Et qu’est-ce que l’intelligence?

Mais finissons par ce qui aurait peut-être dû être le début. Qu’est-ce que l’intelligence? En fait, tout ce que j’ai écrit dans les paragraphes précédents peut être contesté dépendant de la définition qu’on donne au mot « intelligence ». Je pense que tous ces concepts: instinct, intelligence, conscience, pensée, raison, esprit, âme, qui ont été inventés dans l’antiquité, sont sans doute complètement désuets.
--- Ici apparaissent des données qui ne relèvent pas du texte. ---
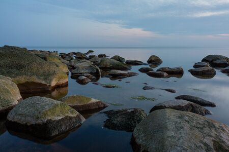 Beautiful long exposure landscape of rocky sea shore. Tranquil scene of Baltic sea.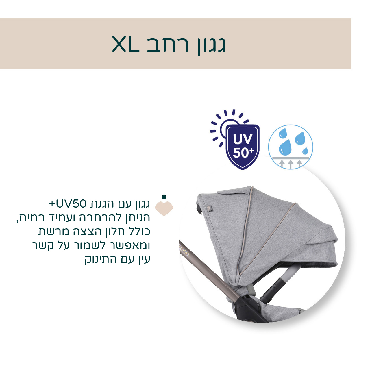 גגון UV50+ הניתן להרחבה ומציע הגנה מפני רוח, אור ושמש ועמיד במים. כולל חלון הצצה מרשת כדי לשמור על קשר עין תמידי עם התינוק.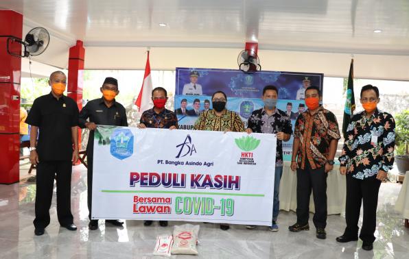 Sungailiat - Perusahaan tapioka Bangka Asindo Agri (PT. BAA) yang berlokasi di Kelurahan Kenanga Sungailiat meyerahkan bantuan bertahap sebanyak 5 ton barang kebutuhan pokok kepada Pemerintah Kabupaten Bangka, Kamis (30/4/2020). Bantuan tersebut ditujukan guna membantu masyarakat Kabupaten Bangka yang terdampak dari wabah covid-19.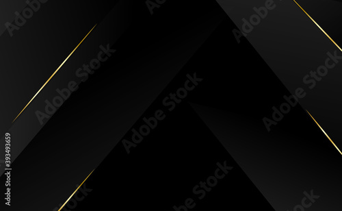 Wall mural : Black lines tech geometric modern dynamic shape with gold light abstract background vector illustrat

La réalité, c’est que dans notre tête, nous avons un enchevêtrement de neurones dont la complexité a permis à notre espèce de survivre jusqu’à maintenant. Va-t-on un jour y comprendre quelque chose? Pourquoi pas: les neurosciences s’y consacrent.

2 commentaires pour L’intelligence avec un petit ‘i’, la pensée avec un petit ‘p’

  1. Luc Morin dit :

    « à moins que ce soit déjà cette démence qui agit et qui me fait écrire ces choses étranges… »

    Ce serait la preuve que la folie est proche du génie.
    Un brillant exposé, félicitations.

  2. Richard Bastien dit :

    Toujours intéressant de te lire mon cher Pierre.